An International Agency for Research on Cancer (IARC) monograph working group has concluded that indoor emissions from household combustion of coal are Group 1 carcinogens in humans, associated primarily with an increased risk of lung cancer. Qing Lan, M.D., Ph.D., M.P.H., an investigator in the Occupational and Environmental Epidemiology Branch (OEEB), was a member of the working group, and her research in Xuanwei County, Yunnan Province, China, served as the primary evidence.

Other DCEG scientists also contributed to the research leading to these conclusions. In the late 1980s, DCEG Director Joseph Fraumeni, Jr., M.D., and colleagues carried out a case-control study in Shenyang, Liaoning Province, China, and found that indoor exposure to coal smoke was associated with increased lung cancer risk.

The IARC working group also concluded that indoor emissions from household combustion of biomass fuel (mostly wood) and from high-temperature frying (stir-frying, deep-frying, and pan-frying) are probably carcinogenic (Group 2A category) in humans. Biomass fuel is much more widely used in Chinese households than coal, although this varies by region.

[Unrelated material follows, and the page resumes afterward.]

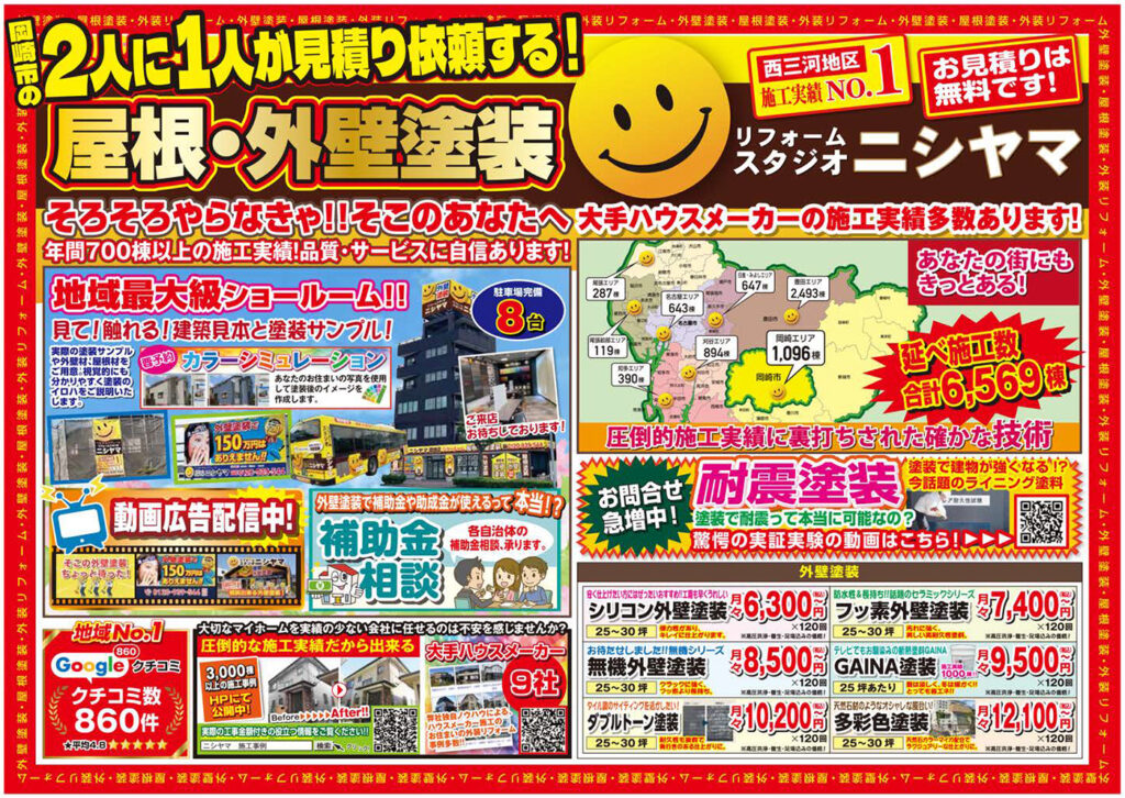 屋根・外壁塗装のリフォームスタジオニシヤマの最新チラシをご紹介します!

Exposure to environmental carcinogens varies widely across the continents, but the use of solid fuels for cooking and heating is most common in low- and medium-resource countries, where about half the world’s population lives. Risk may be greatest for women and children, who spend more time at home. “This provides a warning that exposure to indoor combustion of coal and biomass fuels is hazardous and that steps need to be taken to reduce such exposure, for example, improving indoor ventilation,” said Dr. Lan, pointing out that millions of people are at increased risk from such indoor air pollution around the world. In fact, a study she carried out showed that improved venting of indoor combustion products resulted in a drop in lung cancer rates.

The working group, comprising 19 scientists from eight countries, was convened by the IARC Monographs Programme. Based in Lyon, France, IARC is the cancer research agency of the World Health Organization. A summary of their evaluation was published in the December issue of Lancet Oncology; the results were also presented at the annual meeting of the Society for Risk Analysis in Baltimore on December 4.